Something like that would be better applied to a fixed bias output
section so the idle current can be controlled.
A simpler solution for increasing output power is find a
better-matching output transformer. With the W041318 transformer
supplied with the kit I get more power into 16 ohms (around 14
watts) than into 8 ohms (around 10 watts). Seems that a 6600 ohm
primary is too low, many of the 5E3 replacement transformers are
in the 8000 to 8500 ohm range. A cheap alternative is the 8000 ohm
to 8 ohm P-TGO-002 from Antique Electronics Supply, only $30 plus
shipping.
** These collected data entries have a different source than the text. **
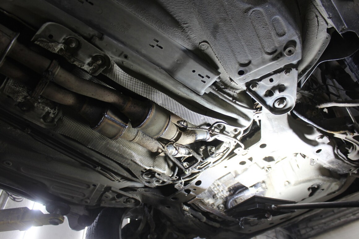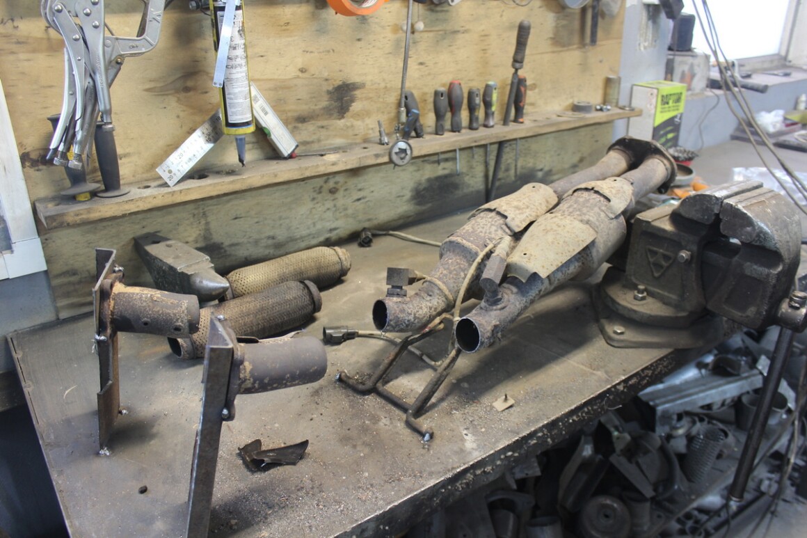 Прохудились гофры. Нужно снимать приёмные трубы в сборе со вторыми катализаторами и менять гофры. Обсудили с хозяином, получили одобрение, приступаем.
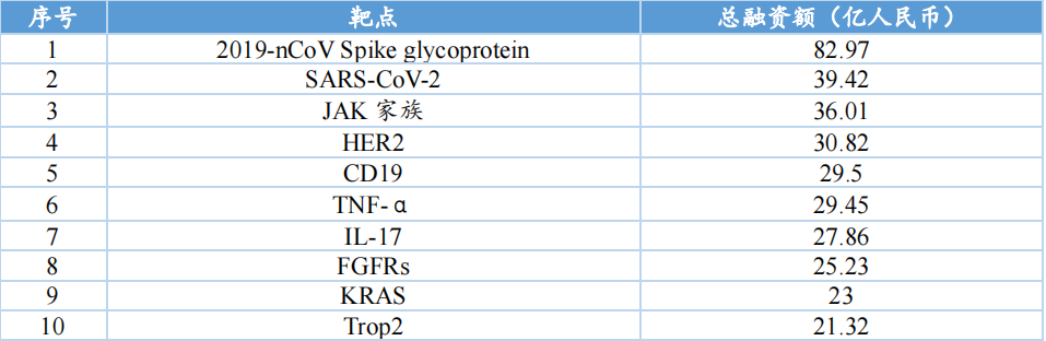 盘点|生物医药研发企业融资额 TOP10 靶点
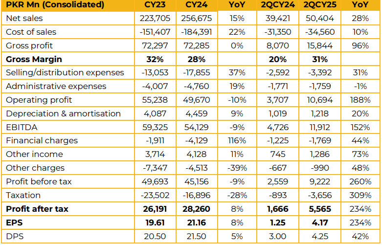 In this fiscal year the company has seen its gross margin improve to 31% in 2QCY25 compared to 20% in SPLY. Net revenue in 2QCY25 was PKR 50.4 Bn, up 28% from PKR 39.4 Bn in 2QCY24. Earnings per share for 2QCY25 clocked in at PKR 4.17, up 234% from PKR 1.25 in 2QCY24. EFERT saw a market share of 34% in 2QCY25 compared to 24% in 1QCY25 in urea sales. Management noted that the urea market remains under stress due to weak farm economics.
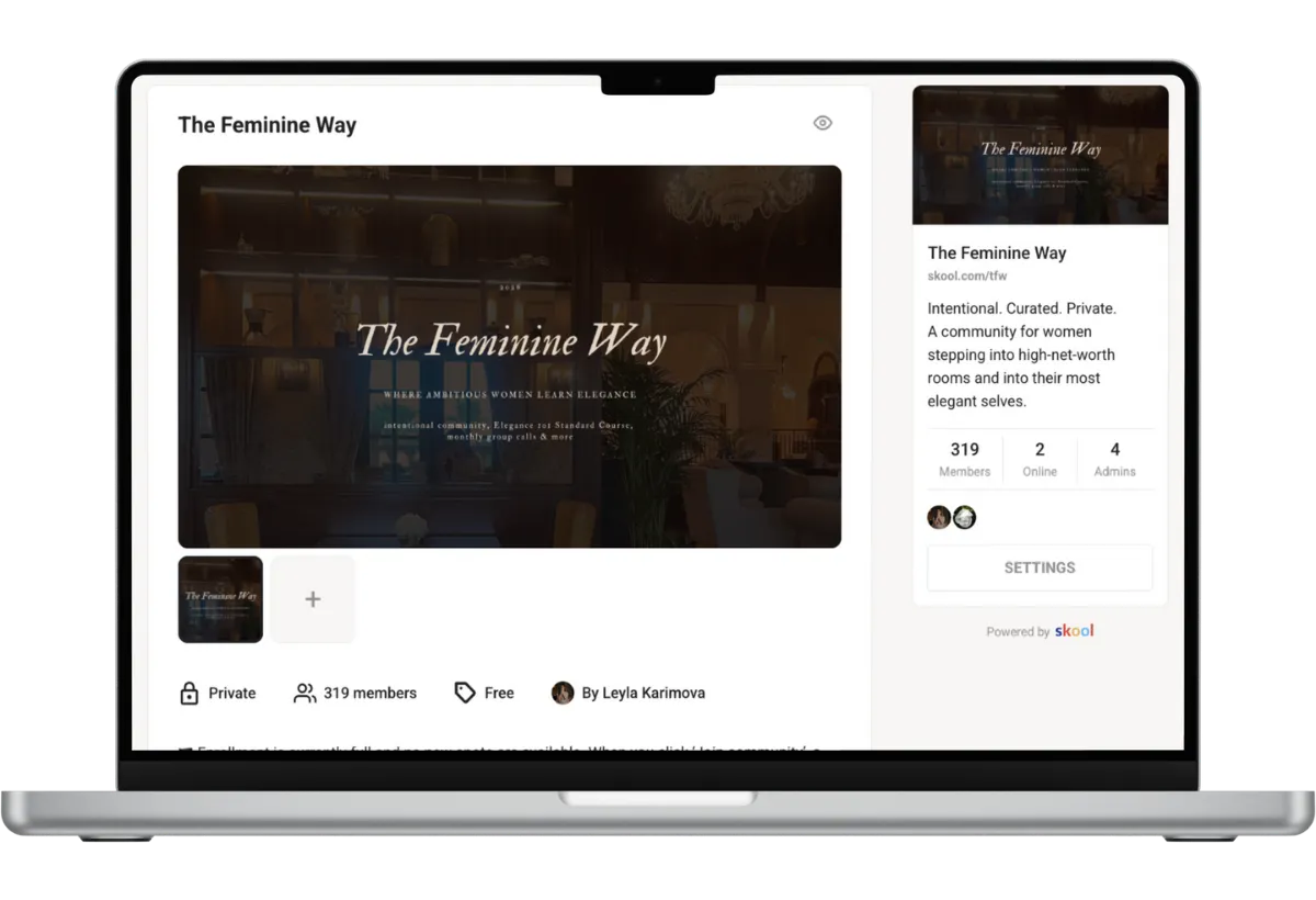 Stay inside the Skool group and connect with like-minded women.

The Hammond P-T1751M looks nice, 8000 ohm primary and
4/8/16 ohm secondary.
LTspice Simulation of the modified
5E3 circuit
6/20/25 - To get a better idea of what's going on with this
circuit I entered it into LTspice.. and discovered that the Duncan
12AX7 model I was using barely functioned with this circuit, with
a 1.5K cathode resistor and a 100K load resistor it clipped only
on the top side, clearly not right. That's when I found myself
going down a rabbit hole of trying various tube models.
The one that best matched the voltages I measured in the actual
circuit was a 12AX7 model labeled "NEW MODEL", obtained from https://www.normankoren.com/Audio/Spice_preamp_2.html.
Other models that worked reasonably well are the 12AX7A-mz model
from https://www.diyaudio.com/community/attachments/tubes-ltspice-lib-txt.999666/,
the JD_12AX7 model copied from an
Electronic Design article (was in an image so typed it in
without the comments), and the 12AX7CRV Model Paint example from https://www.dmitrynizh.com/tubeparams_image.htm.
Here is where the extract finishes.